To close this pull request, make a commit to your master/trunk branch
with (at least) the following in the commit message:

    This closes #4812
    
----
commit 00876ead7a4a7492d643f6cba3e784044c54669e
Author: Till Rohrmann <[email protected]>
Date:   2017-10-11T23:17:23Z

    [FLINK-7540] Apply consistent hostname normalization
    
    The hostname normalization is now applied when generationg the remote akka 
config.
    That way it should be ensured that all ActorSystems are bound to a 
normalized
    hostname.

----


> Akka hostnames are not normalised consistently
> ----------------------------------------------
>
>                 Key: FLINK-7540
>                 URL: https://issues.apache.org/jira/browse/FLINK-7540
>             Project: Flink
>          Issue Type: Bug
>          Components: Distributed Coordination, YARN
>    Affects Versions: 1.3.1, 1.4.0, 1.3.2
>            Reporter: Tong Yan Ou
>            Assignee: Till Rohrmann
>            Priority: Critical
>              Labels: patch
>             Fix For: 1.3.3
>
>   Original Estimate: 336h
>  Remaining Estimate: 336h
>
> In {{NetUtils.unresolvedHostToNormalizedString()}} we lowercase hostnames, 
> Akka seems to preserve the uppercase/lowercase distinctions when starting the 
> Actor. This leads to problems because other parts (for example 
> {{JobManagerRetriever}}) cannot find the actor leading to a nonfunctional 
> cluster.
> h1. Original Issue Text
> Hostnames in my  hadoop cluster are like these: “DSJ-RTB-4T-177”,” 
> DSJ-signal-900G-71”
> When using the following command:
> ./bin/flink run -m yarn-cluster -yn 1 -yqu xl_trip -yjm 1024 
> ~/flink-1.3.1/examples/batch/WordCount.jar --input 
> /user/all_trip_dev/test/testcount.txt --output /user/all_trip_dev/test/result 
>  
> Or
> ./bin/yarn-session.sh -d -jm 6144  -tm 12288 -qu xl_trip -s 24 -n 5 -nm 
> "flink-YarnSession-jm6144-tm12288-s24-n5-xl_trip"

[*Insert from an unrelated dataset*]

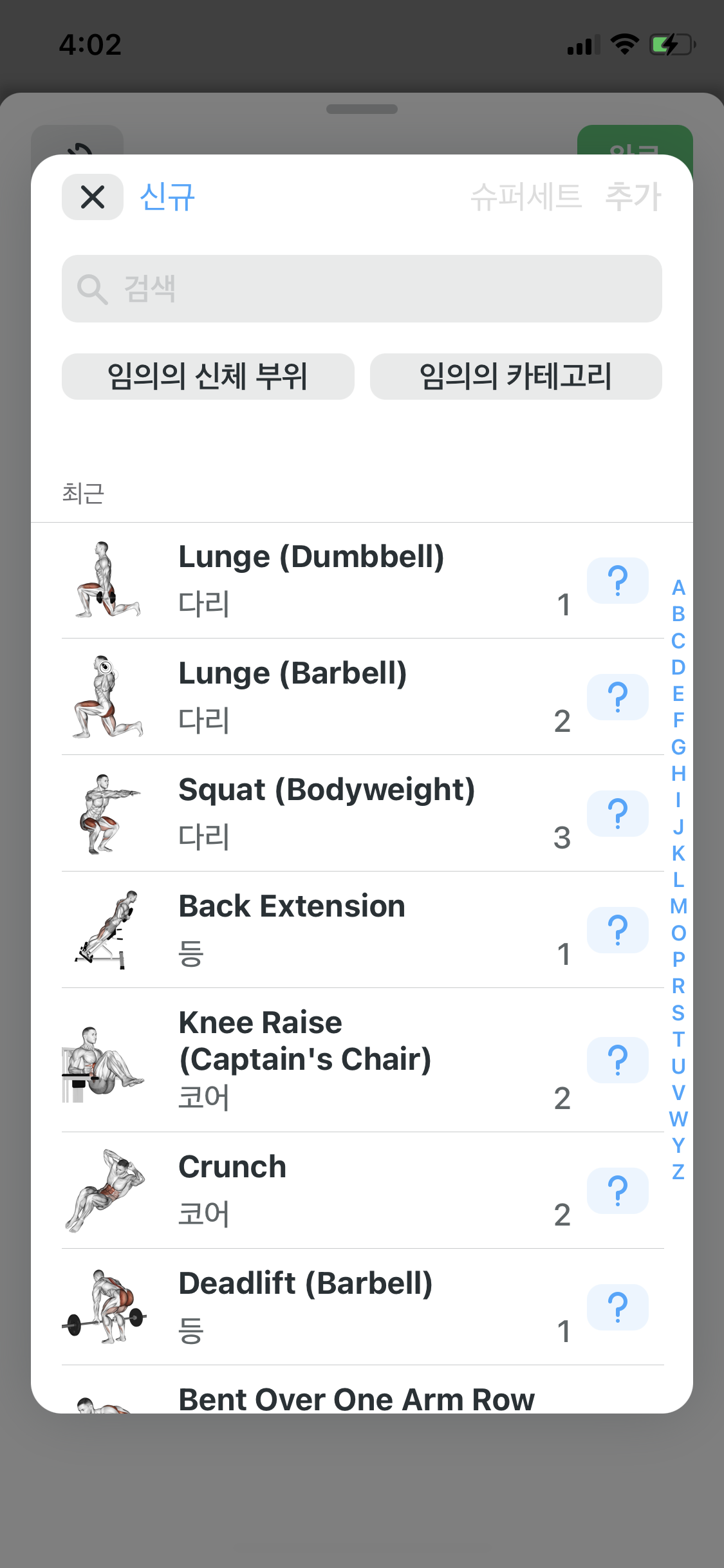 어떤 운동을 할 지 추가하기 위해서, 운동을 선택해 줍니다. 아래 보시면, 신체부위 별로도 찾을 수 있고 카테고리 별로도 어떤 운동을 할지 찾을 수 있습니다. 운동을 선택했으면 이제, 그에 맞게 횟수랑 무게를 지정하여, 각 세트별로 운동을 시작하시면 됩니다!

> There will be some exceptions at Command line interface:
> java.lang.RuntimeException: Unable to get ClusterClient status from 
> Application Client
> at 
> org.apache.flink.yarn.YarnClusterClient.getClusterStatus(YarnClusterClient.java:243)
> …
> Caused by: org.apache.flink.util.FlinkException: Could not connect to the 
> leading JobManager. Please check that the JobManager is running.

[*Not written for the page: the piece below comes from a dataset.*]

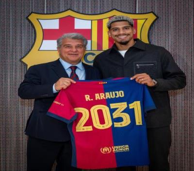 体育资讯1月24日报道宣称 巴萨在今日官宣,和乌拉圭中卫阿劳霍续约至2031年。
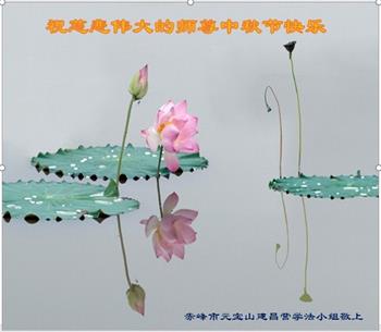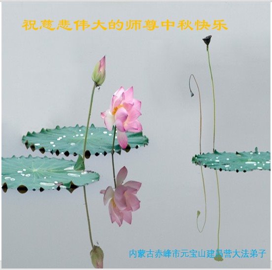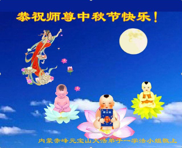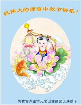 恭祝慈悲伟大的师尊中秋快乐! 慈悲伟大的师尊把我们从地狱中捞起洗净又传给我们宇宙根本大法,弟子们无法用语言感恩慈悲伟大的师尊,弟子们唯有对大法的心坚如磐石亘古不变。内蒙古赤峰市元宝山建昌营所有大法弟子唯有多学法修好自己,做好三件事,圆满随师还,惟愿师尊笑。 内蒙古赤峰市元宝山建昌营大法弟子恭祝慈悲伟大的师尊中秋节快乐!

> h4. Then the job fails , starting the yarn-session is the same.
> The exceptions of the application log:
> 2017-08-10 17:36:10,334 WARN  
> org.apache.flink.runtime.webmonitor.JobManagerRetriever       - Failed to 
> retrieve leader gateway and port.
> akka.actor.ActorNotFound: Actor not found for: 
> ActorSelection[Anchor(akka.tcp://flink@dsj-signal-4t-248:65082/), 
> Path(/user/jobmanager)]
> …
> 2017-08-10 17:36:10,837 ERROR org.apache.flink.yarn.YarnFlinkResourceManager  
>               - Resource manager could not register at JobManager
> akka.pattern.AskTimeoutException: Ask timed out on 
> [ActorSelection[Anchor(akka.tcp://flink@dsj-signal-4t-248:65082/), 
> Path(/user/jobmanager)]] after [10000 ms]

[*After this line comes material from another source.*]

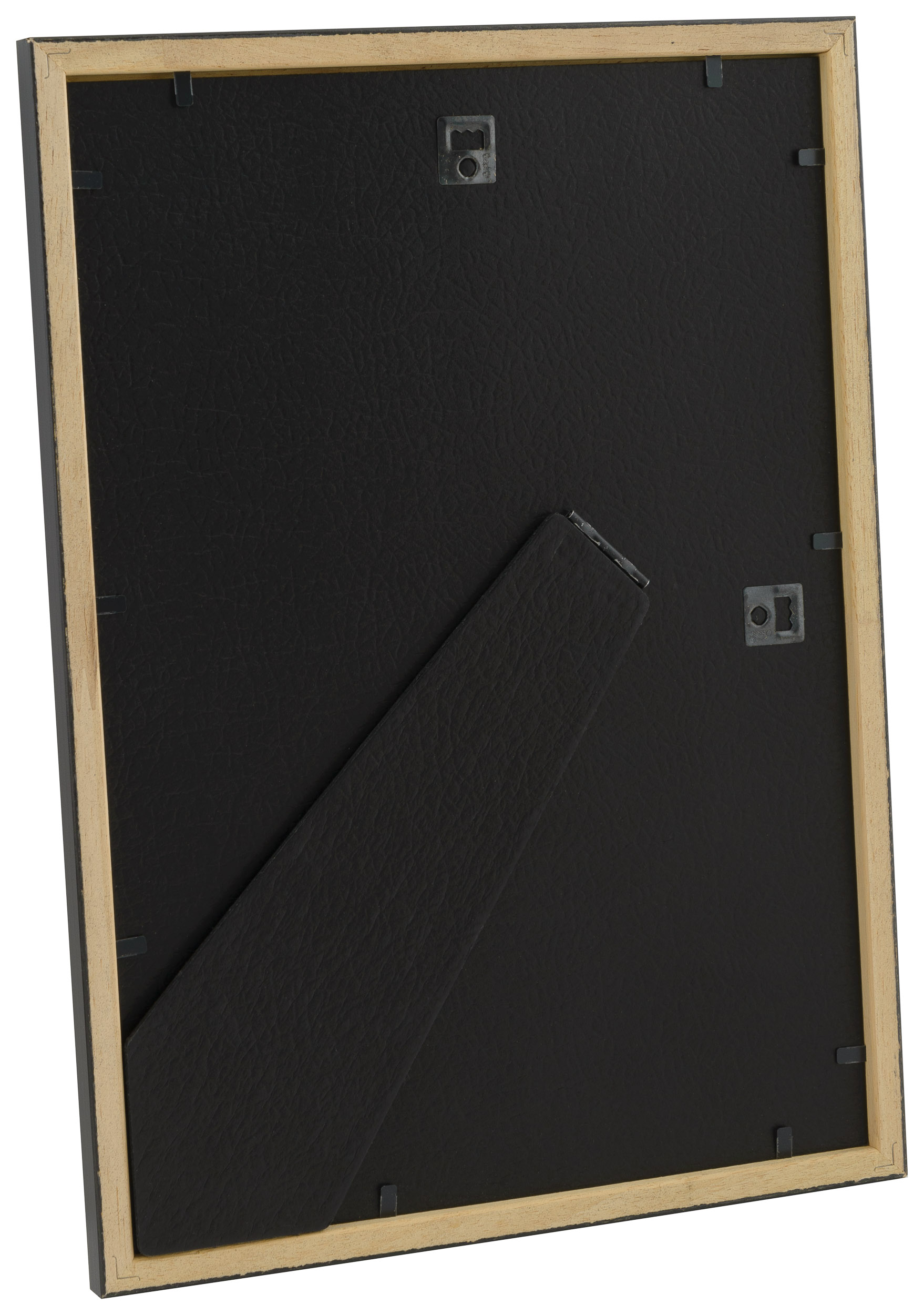 Platziere dein Foto, dein Gemälde oder dein Poster in diesen stilvollen Bilderrahmen! Der Bilderrahmen besteht aus schwarz bemaltem Holz und ist mit Antireflexglas ausgestattet. Das Rückenteil und das Stützbein sind mit schwarzem Kunstleder bezogen, wodurch ein besonders luxuriöses Gefühl vermittelt wird.

> And I found some differences in actor System:
> 2017-08-10 17:35:56,791 INFO  org.apache.flink.yarn.YarnJobManager            
>               - Starting JobManager at 
> akka.tcp://flink@DSJ-signal-4T-248:65082/user/jobmanager.
> 2017-08-10 17:35:56,880 INFO  org.apache.flink.yarn.YarnJobManager            
>               - JobManager 
> akka.tcp://flink@DSJ-signal-4T-248:65082/user/jobmanager was granted 
> leadership with leader session ID Some(00000000-0000-0000-0000-000000000000).
> 2017-08-10 17:36:00,312 INFO  
> org.apache.flink.runtime.webmonitor.WebRuntimeMonitor         - Web frontend 
> listening at 0:0:0:0:0:0:0:0:54921
> 2017-08-10 17:36:00,312 INFO  
> org.apache.flink.runtime.webmonitor.WebRuntimeMonitor         - Starting with 
> JobManager akka.tcp://flink@DSJ-signal-4T-248:65082/user/jobmanager on port 
> 54921
> 2017-08-10 17:36:00,313 INFO  
> org.apache.flink.runtime.webmonitor.JobManagerRetriever       - New leader 
> reachable under 
> akka.tcp://flink@dsj-signal-4t-248:65082/user/jobmanager:00000000-0000-0000-0000-000000000000.
> The JobManager is  “akka.tcp://flink@DSJ-signal-4T-248:65082” and the 
> JobManagerRetriever is “akka.tcp://flink@dsj-signal-4t-248:65082”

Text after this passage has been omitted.